For Joel Newton, the work to improve some of Jefferson County’s lowest-performing schools is personal.

His two daughters attend Lumberg Elementary, where only four out of every 10 third graders are reading at grade level.

But he doesn’t blame the teachers or Jeffco Public Schools.

“The irony of our schools is that we have great programming during the school day,” he said. “But those kids who are growing up in poverty, they need extra support on top of what our schools offer if they’re going to catch up and stay ahead.”

That’s the theory behind Newton’s organization, the Edgewater Collective, and the nonprofit’s first public project, the Jefferson Success Pathway.

Formed in 2013, but just now going public, the Edgewater Collective’s mission is to foster relationships between six schools in and around the city of Edgewater and nonprofit organizations that can offer services to the schools leaders, teachers, students and their families.

Schools in the Edgewater Collective
• Molholm Elementary
• Edgewater Elementary
• Lumberg Elementary
• Stevens Elementary
• Wheat Ridge 5-8
• Jefferson HighThose schools, run by Jeffco Public Schools, are not like most in the suburban — mostly white and middle class — county. Most of the students — at least 70 percent at each school — come from households that earn little enough to qualify for either free or reduced-lunch prices, a proxy of poverty, and are Latino. There is also a concentrated population of English language learners.

The students who attend those schools are also usually behind grade level in reading, writing, and math, and are less likely to go to college, let alone graduate.

Newton believes the adults inside the schools and the district leaders who support them are doing all they can to enrich those students lives — but they need help to overcome what many call the “opportunity gap.”  The opportunity gap is the barriers some students, usually poor students of color, face to access quality resources that support them before, during, and after school. Those barriers could include a lack of breakfast, after school programs, or a quiet place to study and use technology.

To close those gaps, Newton has partnered with more than two dozen organizations from the health, nonprofit, faith-based, and government sector.

It’s his role to connect those organizations to the schools.

Part of the reason why they haven’t already connected, Newton said, is because most confuse Edgewater, the tiniest community in Jefferson County, with Denver.

“I think people still feel Edgewater is Denver because the demographics align better with the students who attend Denver Public Schools,” he said. “And the test scores look more like the schools across the street in Denver.”

Joel Newton, left, chats with Edgewater City Councilman Kristian Adam Teegardin earlier this month after the Edgewater Collective announced its first public program the Jefferson Success Pathway. (Nicholas Garcia )

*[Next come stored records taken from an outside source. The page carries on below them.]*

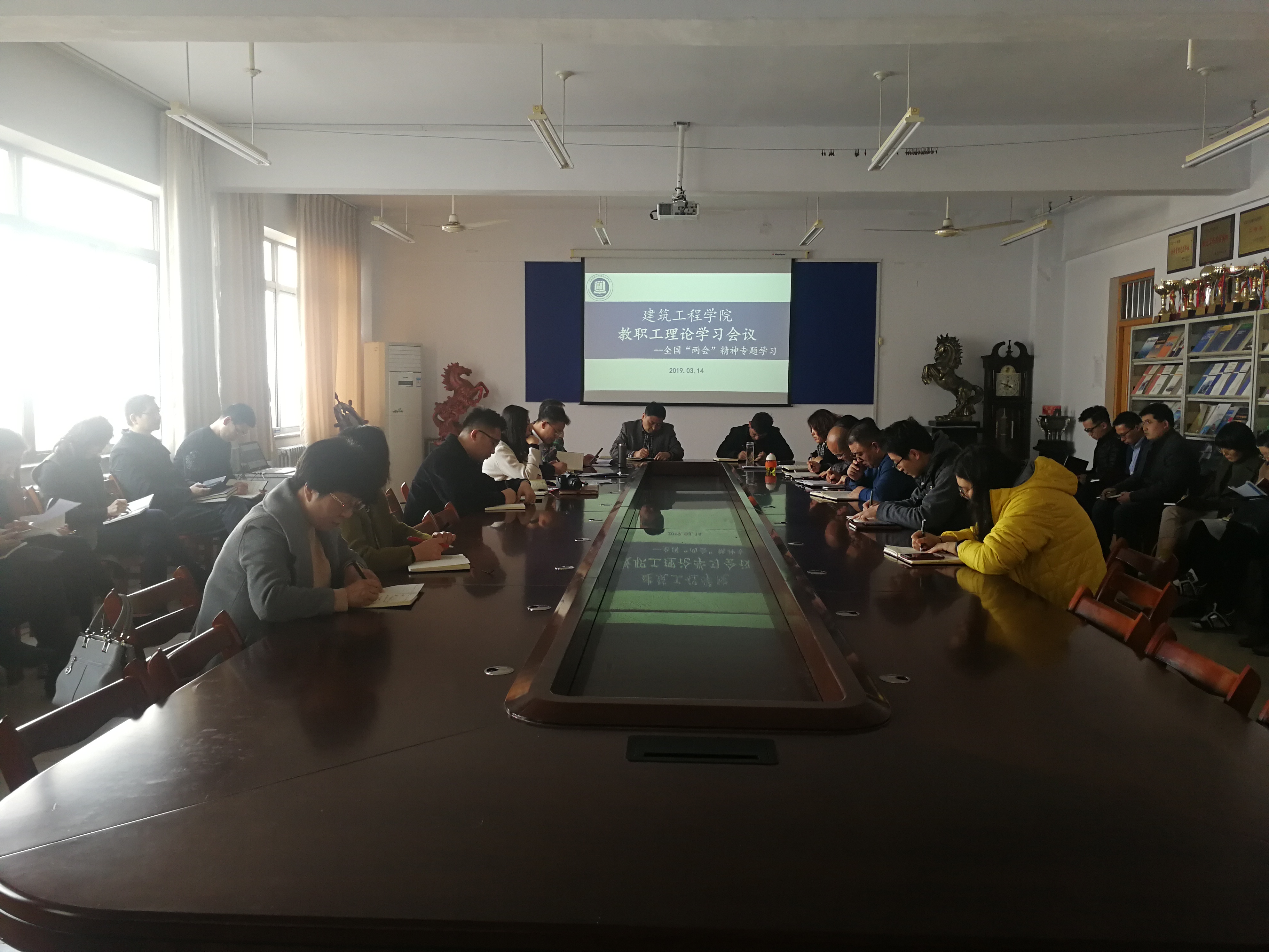 3月14日,欧洲杯买足球软件于工程楼会议室组织学习全国“两会”精神与李克强总理的政府工作报告,党委书记唐传成、院长李秋义出席会议,学院全体教职工参与学习。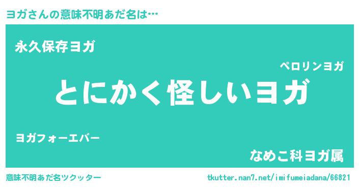 | 胡散臭い通販商品みたいなあだ名 | 『信頼と実績のサプリメント…その名も「ヨガ」』 |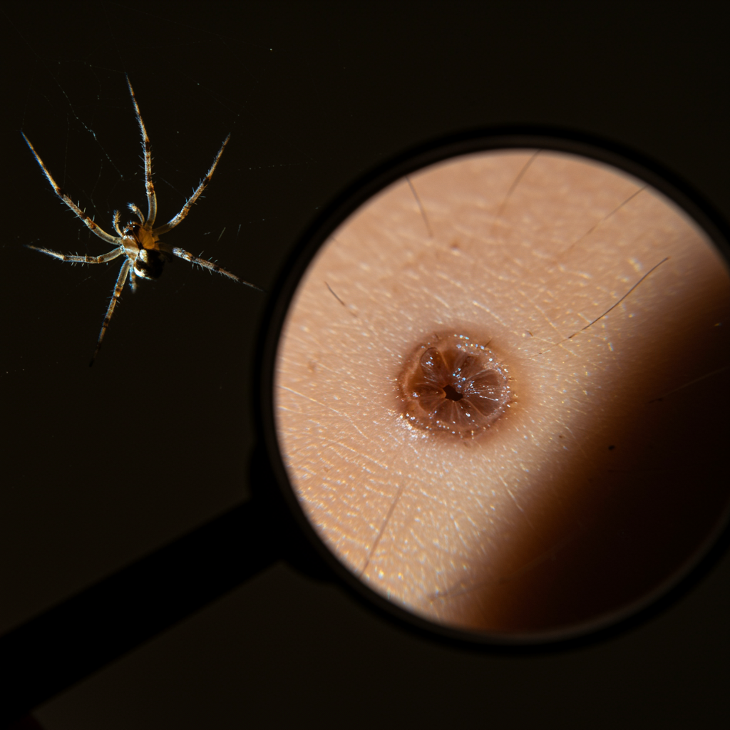 Capture the intricate detail of a house spider bite beneath a magnifying glass, highlighting the subtle textures of the skin and the delicate fang marks. Surround the bite with soft, dramatic lighting that casts gentle shadows and emphasizes the contrast between the human and insect world. Include a faint silhouette of a house spider in the background, slightly out of focus, to evoke a sense of mystery and curiosity about the tiny creatures that dwell within our homes. The overall mood should be one of intrigue and the hidden stories entwined in everyday life.
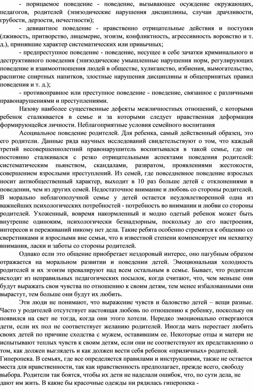 Нравственная деформация формирующейся личности и отклонения в поведении зачастую являются следствием нарушений взаимосвязей с микросредой. Назову наиболее существенные дефекты межличностных отношений, с которыми ребенок сталкивается в семье, в школе, на улице.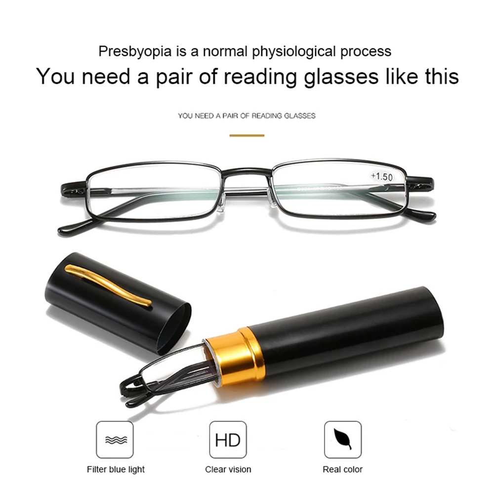Portable Mini Lightweight Reading Glasses with Pen Tube Case Anti-blue Light Presbyopic Glasses Metal Case Women Men Eyeglasses +1.5-+3.5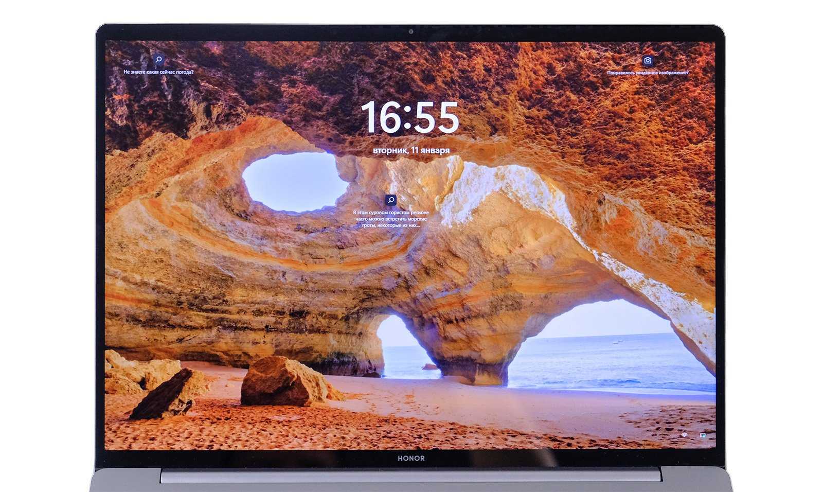 MagicBook View 14 HGE-W76 получил дисплей с IPS-матрицей и нестандартным разрешением 2520×1680 пикселей. Экран сенсорный (до 10 прикосновений одновременно), так что покрытие представляет собой тонкое стекло с олеофобным покрытием, которое имеет зеркальную поверхность и подвержено бликам от ярких источников света. По бокам рамки дисплея всего по 5 мм, сверху и снизу – около 8 мм, причём в верхней части уместилась встроенная веб-камера – модель может похвастать двойной широкоугольной камерой Ultra HD разрешением 5 Мп. ИК-камера при этом также присутствует, что делает возможным разблокировку по лицу даже в темноте.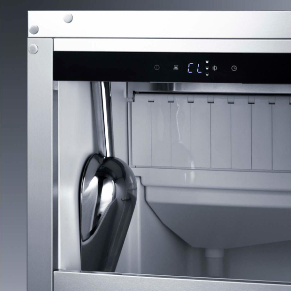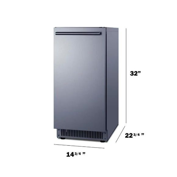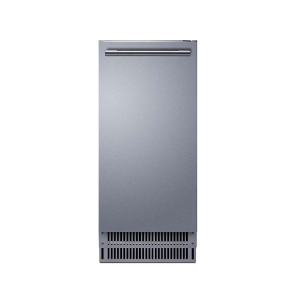 Summit brings proper convenience and streamlined luxury outdoors with their built-in undercounter weatherproof icemakers sized for residential and commercial spaces. Model BIM63OSADALHD is a 15 wide outdoor icemaker featuring an attractive and durable stainless steel exterior designed to hold up to the outdoor elements. This icemaker is sized at just 32 high to fit under lower ADA compliant counters. The legs can be raised to 34 1/4 for taller spaces. We include a sliding kickplate that helps fill the extra space if the unit is raised. The front-breathing design allows built-in installation under counters, the fully finished stainless steel cabinet allows freestanding use, and the sealed back and right-angle cord help ensure an easy fit. This icemaker is unbranded, allowing you to easily integrate it into any kitchen or bar. Included with this model is a stylish handle for a complete and premium look.The BIM63OSADALHD produces up to 68 lbs. of clear, gourmet top hat-shaped ice cubes daily. Top hat ice, often called gourmet ice, is a cylindrical cube with a slightly wider top resembling a miniature top hat or thimble. The distinct dense structure helps minimize dilution, keeping drinks colder for longer without watering them down. The uniform shape offers an elegant presentation, while its non-clumping design ensures easy dispensing. The size can be adjusted between three settings to best suit your taste. We include a steel ice scoop that can be hung inside for easy serving. This icemaker features easy-to-use digital controls. An indicator light alerts users to each step in the production process and when the bin is full. Frost-free operation eliminates the need to defrost the interior. Additional features include a temperature memory function, cleaning setting and alarm, and sabbath mode for periods of observances. With clear gourmet ice that’s gentle on glassware paired with efficient performance, the BIM63OSADALHD is ideal for both residential and commercial outdoor kitchen settings.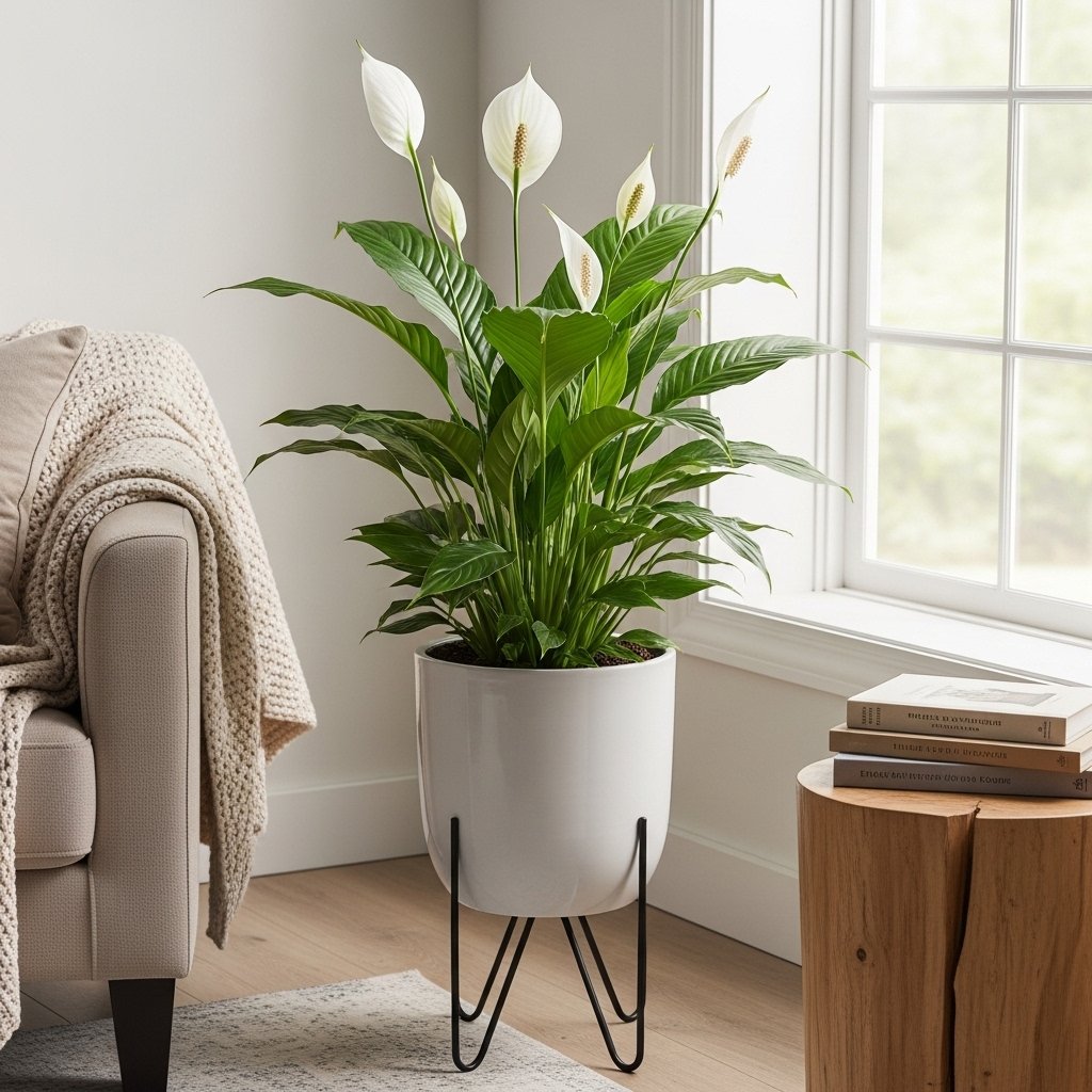 Peace lilies are elegant plants that combine glossy leaves with beautiful white blooms, perfect for sophisticated living rooms. They thrive in low to medium light, making them suitable for rooms with limited sunlight. Peace lilies also purify indoor air, removing common toxins and improving overall wellness. Pair them with decorative pots or elevated plant stands for a refined, airy feel. Regularly wiping the leaves ensures they maintain their fresh, vibrant appearance.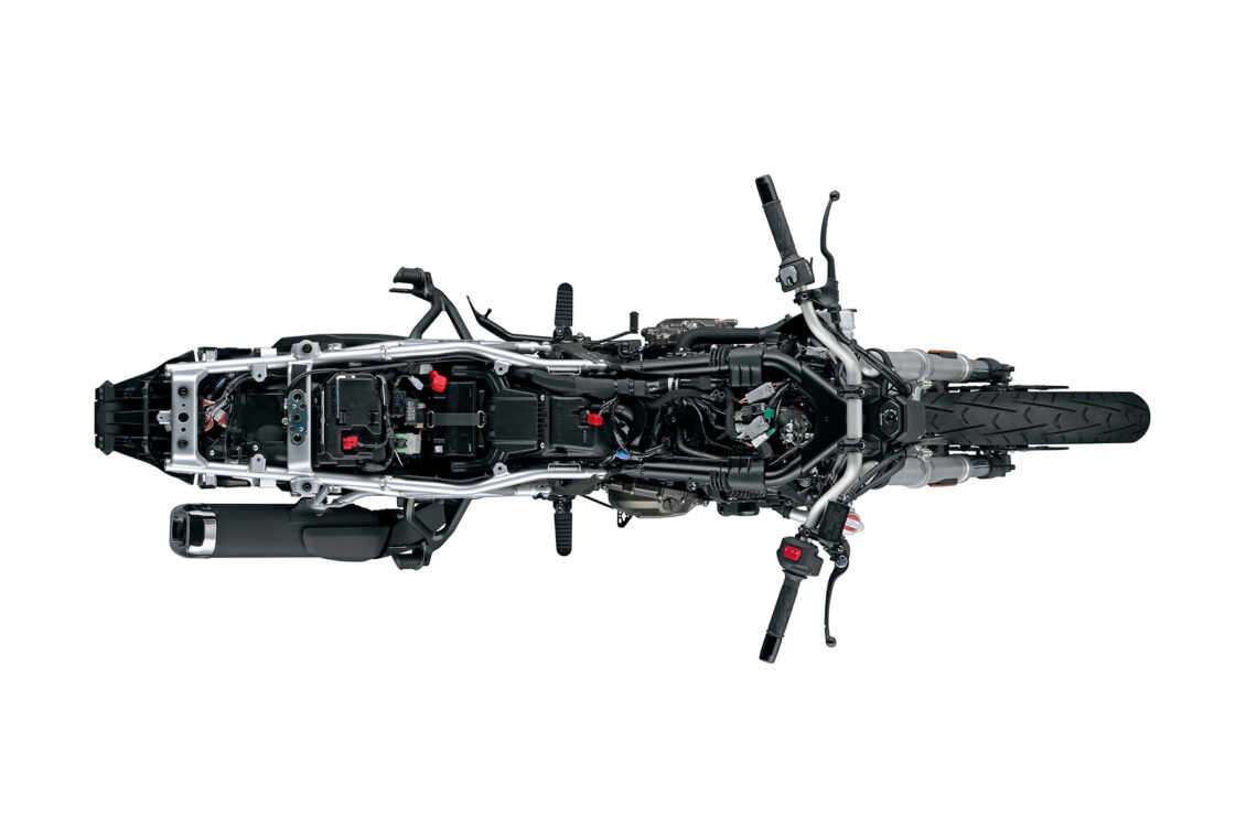 Su corazón es el motor de dos cilindros en paralelo de 776 cc con doble árbol de levas, 4 válvulas por cilindro, 62 kW (83, 14 cv) de potencia a 8.500 rpm y 78 Nm de par a 6.800 rpm. Se trata de un modelo que es limitable para el carnet A2. Sus prestaciones la hacen muy capaz tanto para realizar un agradable recorrido diario por la ciudad como para transitar pistas y caminos o descubrir increíbles lugares en tus viajes más ambiciosos. Se inserta en un chasis multitubular de acero con subchasis y basculante de aliminio. El depósito de gasolina se queda en 20 litros de capacidad. Atrás encontramos una bandeja de soporte para equipaje, con asideros para el pasajero

As part of his work, Newton and a community board have put together a list of goals he hopes his organization can influence while working with Jeffco Public Schools. Those goals include increasing the number of families that are safe, healthy, and supported; preparing more students for kindergarten; increasing the number of students able to read and write at grade level by the third grade; and growing the  graduation rate.

The Edgewater Collective, which published its ambitions earlier this month, will spend the early part of 2015 gathering baseline data around those goals and then set targets.

“We don’t want to be another initiative that just looks good on paper,” Newton said at the public unveiling of the Jefferson Success Pathway project.

Newton already has the support of Jeffco Superintendent Dan McMinimee.

“We all know what the challenges are,” McMinimee said at that meeting. “And we can spend a lot of time talking about past mistakes. Or we can rally around this shining light.”

The nonprofit’s announcement of the Jefferson Success Pathway program took place the same week as Jeffco officials announced their own intentions to speed up improvements at some of the schools the nonprofit works with.

Newton doesn’t see his work as a duplicated effort. Instead he wants to run alongside the field as a sort of water boy or cheerleader for the teachers inside the schools.

“We don’t want to lay blame, but say as a community, “how do we work together?” Jeffco schools can’t do this alone,” he said.

Newton hopes to share his organization’s work with the district’s fractured school board in the spring of 2015 and create an official partnership between the nonprofit and the school district via a board resolution. He’ll only do so if he knows he can get a rare 5-0 vote.

“We’re staying away from the big issues, the divisive debates, we’re going to keep asking how do we help all kids in this area to succeed,” Newton said. “The children and family in our area can’t sit by and watch a three year battle with the school board — they need help right now. They need the support right now. They need investment right now.”